При этом, подчеркну, верлибр давно не «гость случайный» в наших пенатах. И если бы его приверженцы не отстаивали в поэзии каких-то особых прав, — например, не возмущались бы все громче, что этот подвид не изучается в школе, то и ответного недоумения не получали бы. Настырное правокачание сегодня — прерогатива меньшинств. Чтобы стать равным, следует научиться признавать первенство. Пока что русский верлибр не дал ни одного поэта, признанного великим не в своем кружке, а в обществе, которое, сколь бы ни понизился в нем градус внимания к поэтическому творчеству, все еще отлично понимает, кто принц, а кто нищий. Принцы продолжают рифмовать — и нет им ни дна, ни покрышки. А в остальном — все абсолютно свободны. Как говорил Томас Стернз Элиот: «Автор верлибра свободен во всем, если не считать необходимости создавать хорошие стихи».
Блесна задела камень. Игорь Шкляревский — собиратель радости
Я долго не могла подобраться к цели, нарушила все обещанные сроки, чего обычно стараюсь избегать, чтобы не мучиться рефлексией, и все не писала и не писала об этой книге. И все читала и читала ее, прерываясь на недели для усваивания, как верблюд. В тексте такое обстоятельство, как и все остальные, тоже предусмотрено: «…эта книга — для прерывистого чтения». Кажется, Игорь Шляревский предусмотрел и спровоцировал все варианты — не только способ чтения.
Что можно написать о книге, которая собственной полнотой себя исчерпывает? Ее можно только цитировать. Но жанр рецензии — или дискуссии — этого не предполагает, да и цитировать текст «Золотой блесны» бессмысленно: ее можно лишь воспроизводить путем переписывания — практически без изъятий. И где кончается прочтение и начинается вчитывание, никто не знает.
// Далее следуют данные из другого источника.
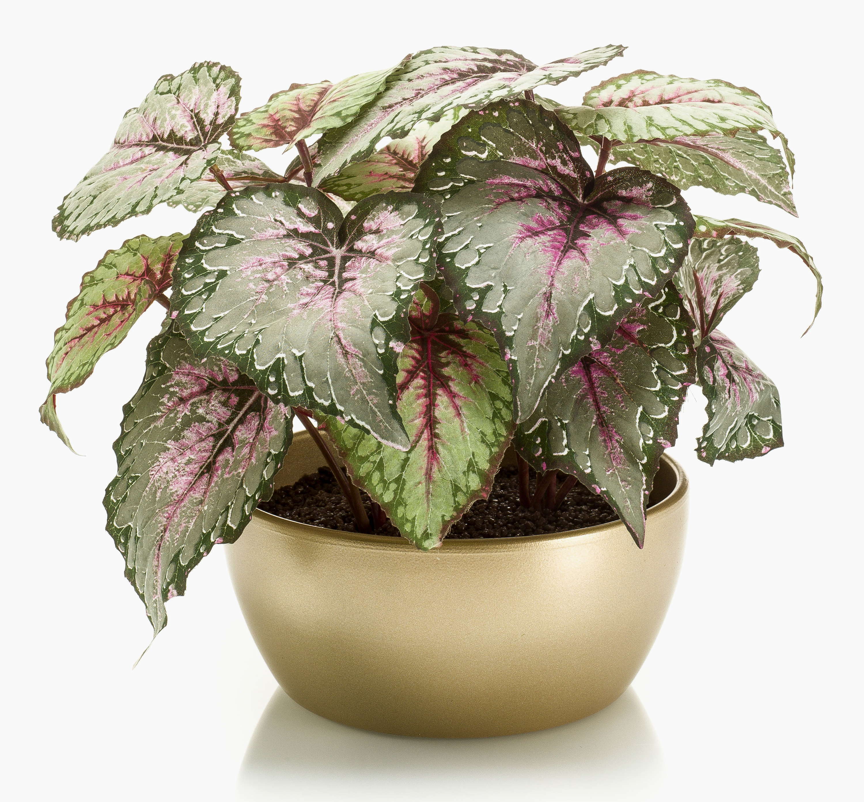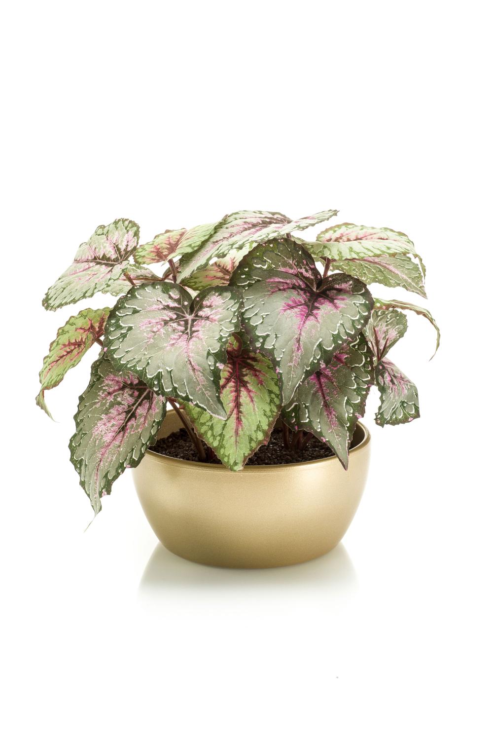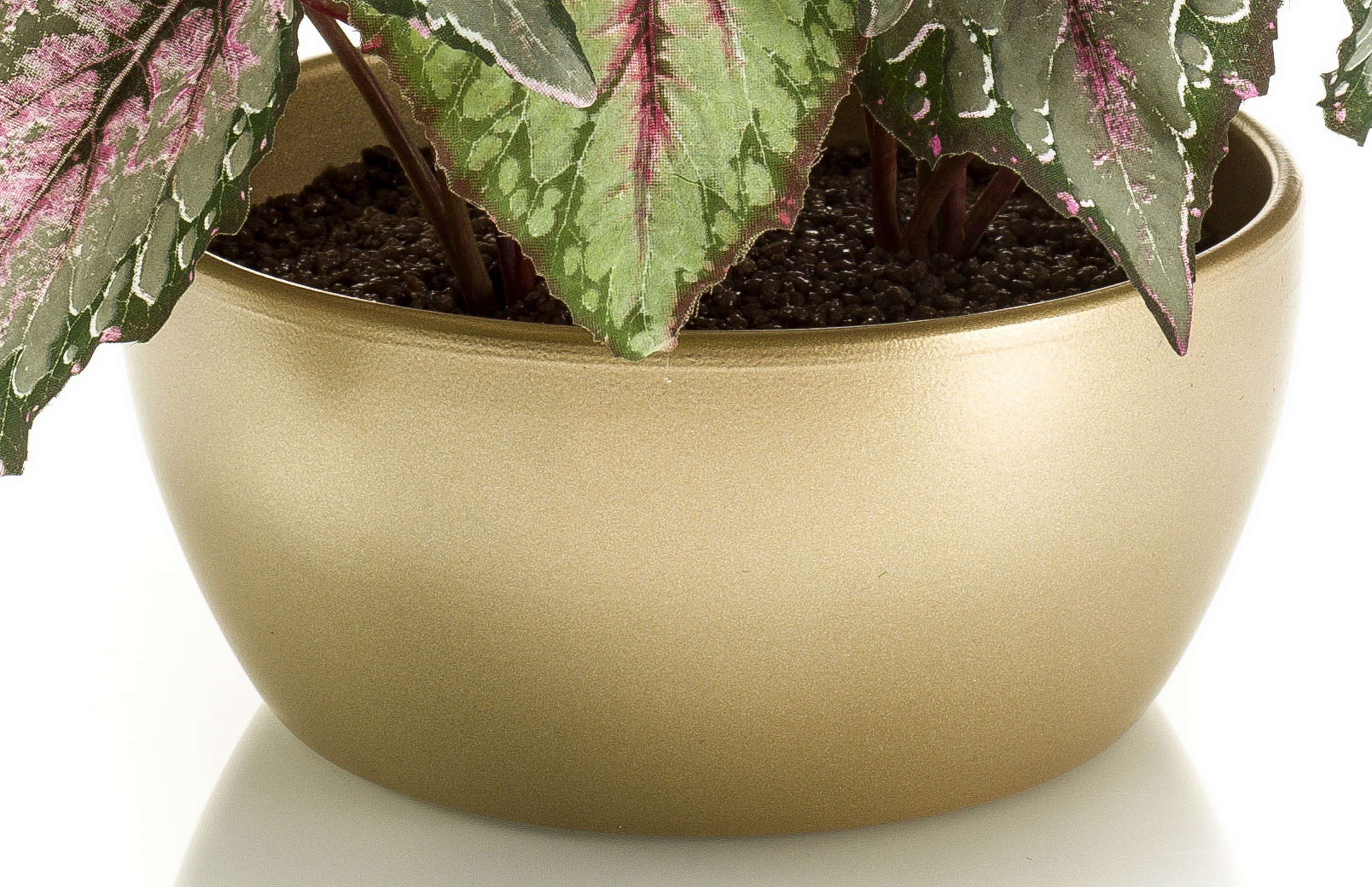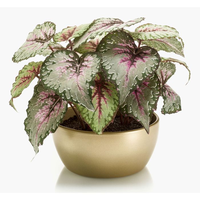 Artificial begonia rex KATRICE in golden ceramic bowl, purple-green, 10"/25cm
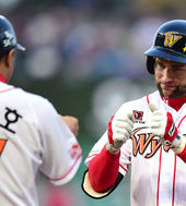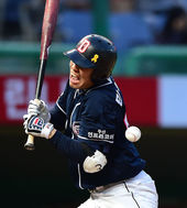 2014.05.14 19: 27민병헌,'몸에 맞는 볼로 출루'
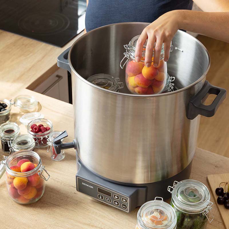 Pe lângă conservarea alimentelor, puteți prepara în mod fiabil cafea, ceai, sosuri, supe, vin fiert, cidru și, puteți chiar prepara bere de casă. Nu doar că le puteți prepara, dar le puteți menține constant calde pentru perioada de timp pe care o alegeți. Toate băuturile pot fi servite de la robinet, iar cantitatea poate fi ajustată manual.
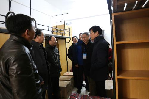校领导一行先来到文体馆的搬迁指挥中心慰问了新校区承建方、施工方和我院相关工作人员代表,听取了我院关于搬迁工作的专题汇报。随后到学生公寓,亲切慰问了公寓值班人员和安保人员,并参观了学生宿舍,检查了公寓搬迁情况。
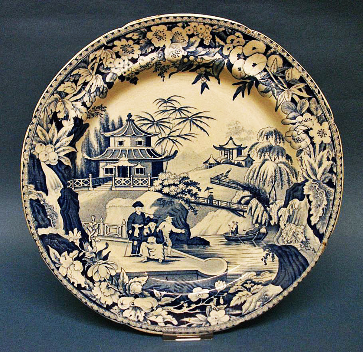 Davenport Transfer Printed Plate 'Chinoiserie High Bridge' with Early Impressed Mark C.1810

Жанр «Золотой блесны» неопределим. Что это? Мемуары о запретной, а к концу беззапретной ловле семги в районе Кольского полуострова? Нет! В мемуарах соблюдается некая, чаще искусственная, последовательность событий, скрепленная претензией на документальность. А тут — сплошные «флэшбеки», как в хорошем кино, перебросы во времени и пространстве, потому что ни того и ни другого для мысли нет. Если это мемуары, то самой семги — или ее лоцмана, следящего, как «в свою реку идет она из Баренцева моря и Атлантического океана, только в свою реку, минуя все другие». Дневник? Для дневника характерна фрагментарность, а для «Золотой блесны» — извилистая непрерывность. В дневнике присутствует датирование, бесконечно важное для записывающего и не имеющее ни малейшего значения для читающего, если он, например, не историк или археограф, и, как правило, спутанное — десятилетие туда, столетие сюда, потому что никакая память не линейна. Но какие даты у вечности? «Все мы — сироты вечности…», — так написано в «Блесне». Сирота часто не уверен и в дате собственного рождения, ее выбирают опекуны. Шкляревский признается: «Не понимаю времени и не ношу часы. Тайна, которой нет». Какой же дневник без постоянного сверяния безнадежно отстающих часов?
Ну, тогда давайте займемся аналогами — ведь любая книга, кроме Библии, рождена от других книг — и в первую очередь от Библии. «Ни дня без строчки»? Это замечательные зарисовки и калорийные обрывки ненаписанного. А «Блесна» — вещь начатая и законченная. В ней есть сюжет, есть герои — от Марухина и галереи рыбинспекторов до Мигеля Сервантеса. Ее можно глагольно пересказать: «ехали-приехали», «промокли-высохли», «поели-попили», «поплыли-наловили». Сборник максим по типу Ларошфуко? Но максимы — это законченные, обработанные стилем и стилом нравоучительные изречения. В «Блесне» мысль рождается в процессе писания, а не наоборот, и не поучает, а, скорее, разучивает, разрушая стереотипы, как любая стоящая мысль, и, будучи записанной, являет собой «наглядное пособие для неожиданных соединений и возможностей».
Все, абсолютно все предусмотрено! «На облаках не ставят номера. И эта книга начинается с любой страницы, где открываешь, там она и начинается». Когда-то Катаев так писал «Волшебный рог Оберона». Но ненумерованные облака мысли — разве такой жанр существует? Нет, его создал Игорь Шкляревский. Вернее, создает на наших читающих — и то и дело отрывающихся от чтения глазах! Это книга рождения мысли без пресловутого: «И тут я подумал…». Между «подумал» и «записал» дистанция непреодолимая. В «Блесне» таких зазоров нет! Мысль и письмо неразрывны, перетекая одно в другое, как воды моря перетекают в реку телом семги.